NIC.ly Elaborates on Revoking vb.ly Domain

The domain name registry NIC.ly started a ruckus earlier this week, when it revoked the vb.ly domain shared by Violet Blue and Ben Metcalfe. On Friday, NIC.ly decided to chime in and give its side of the story.

To be honest, the actual reason for the revoking of the domain name is what we expected: it violated local law. vb.ly advertised itself as a sex-friendly URL shortener, and that just doesn't go over well under Libyan law. Here's an excerpt from NIC.ly's statement:
In reference to the vb.ly incident: the domain’s purpose (proclaimed by its registrants themselves) was to serve as a ‘sex friendly URL shortener’, mainly for adult uses. This means that vb.ly had a policy different than the other URL shorteners, not using filters and encouraging the use of this service for creating links to adult sites and other “NSFW” links, thus placing vb.ly by definition in the porn/adult site category.

This use was deemed as unacceptable by our local internet community, regardless of whether or not the site hosts adult material or redirects traffic to 3rd party sites
Since the country TLDs are under the control of the locality's registrar, one might expect that a "racy" site like vb.ly might run afoul of Libyan law. This is despite the fact that according to Violet Blue, they read and re-read the registrar's rules.

That may be true, but hey, it's Libya. What did you expect?

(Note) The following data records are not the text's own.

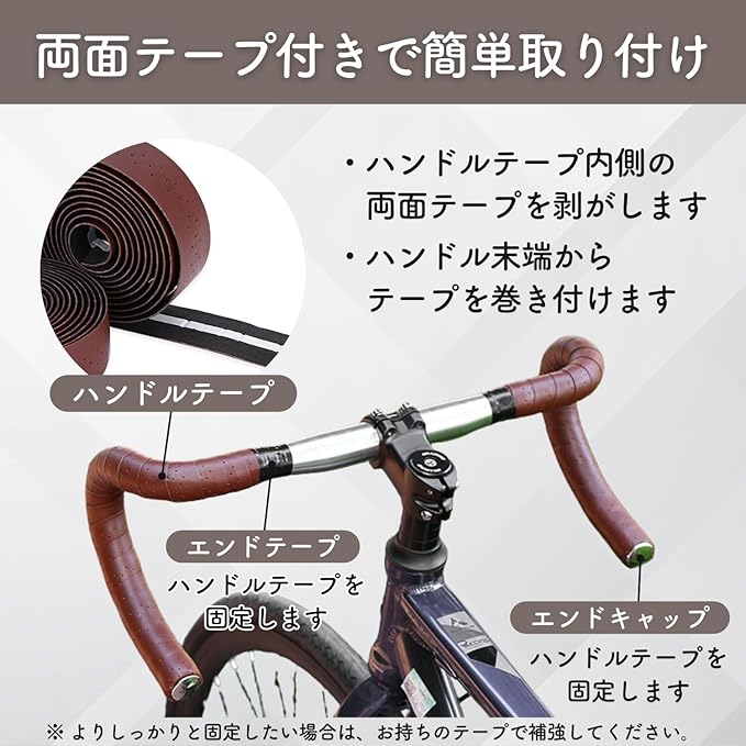 自転車のハンドル周りをドレスアップできるレザー調のバーテープです。劣化による張り替えにもどうぞ! また、両面テープ付きの2本セットのためすぐにお使いいただけます。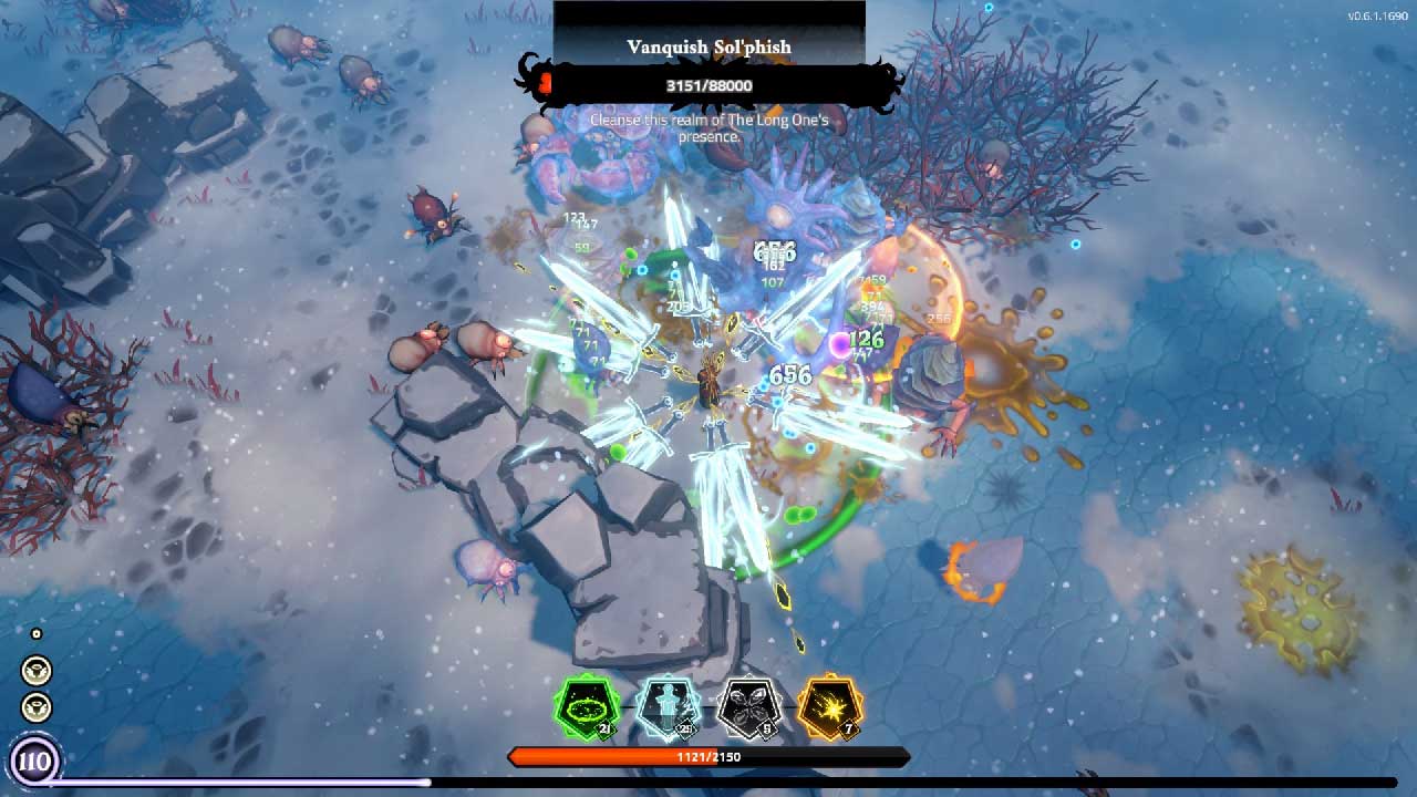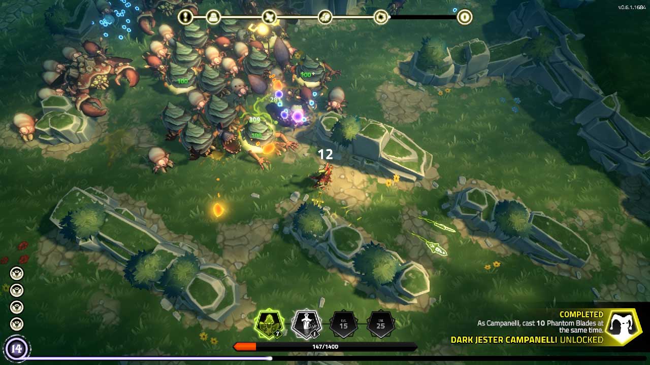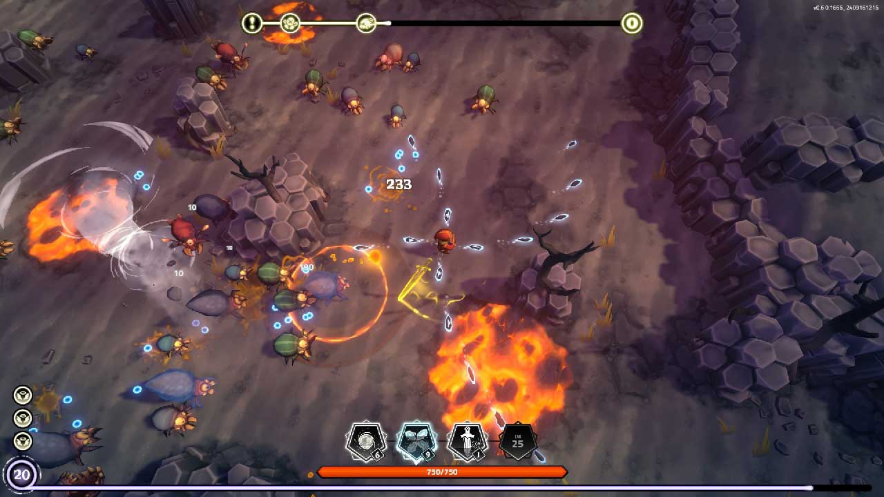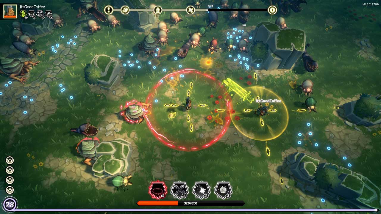 คุณเพิ่มเลเวลในเกมโดยการเก็บลูกกลมที่ดรอปจากมอนสเตอร์ และในแต่ละเลเวล คุณจะได้รับหนึ่งในสามตัวเลือกแบบสุ่มว่าจะเพิ่มพลังอะไร หลังจากผ่านด่านไปได้สองสามเลเวล คุณจะได้รับวัตถุประสงค์ที่เรียกว่า “ภารกิจ” ซึ่งหากคุณและทีมของคุณประสบความสำเร็จ คุณจะพัฒนาทักษะของคุณด้วยการอัพเกรดที่ไม่เหมือนใคร เช่น การยิงระเบิด การแยกโพรเจกไทล์ … และเอฟเฟกต์อื่น ๆ มากมาย . วัตถุประสงค์สุดท้ายคือบอสที่ทีมของคุณจะต้องสังหาร และเมื่อสังหารได้สำเร็จ คุณก็จะผ่านแผนที่ได้ คุณต้องทำงานร่วมกันและช่วยเหลือซึ่งกันและกัน แต่ระวังไฟที่เป็นมิตร เพราะด้วยคาถาคุณสามารถทำร้ายตัวเองได้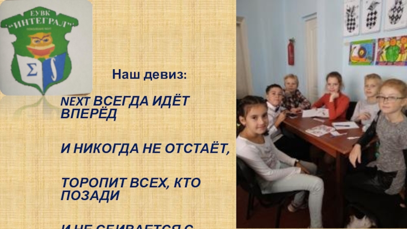 Наш девиз:NEXT ВСЕГДА ИДЁТ ВПЕРЁД И НИКОГДА НЕ ОТСТАЁТ,ТОРОПИТ ВСЕХ, КТО ПОЗАДИИ НЕ СБИВАЕТСЯ С ПУТИ!!!

There's also NIC.ly's explanation of their decision to limit domain names with less than four characters to those with a Libyan presence.
As to the decision to keep the registration of domain names shorter than 4 symbols long under .ly only for entities with a local Libyan presence, this comes in accordance with NIC.ly’s concern that the rise in popularity of URL shorteners from abroad taking up all these names has deprived locals of their right to register the important 3 letter abbreviations of their various businesses and interests. We as a Registry would prefer seeing art.ly used for a website about Libyan art for instance, or lda.ly used by the Libyan De-mining Association, rather than adding more URL shorteners under our National TLD.
Libyan Flags
Libyan Flags
 The question is: will Libya limit this to new registrations, or when registrations come up for renewal, will they simply take them back then? Or worse, will they simply revoke them?  Considering one of the most popular URL shorteners is bit.ly, that might cause quite a few broken links.

It's worrisome and more than a few are concerned. Even Mitt Romney decided to opt out of .ly; he's switching to mi.tt (Trinidad and Tobago).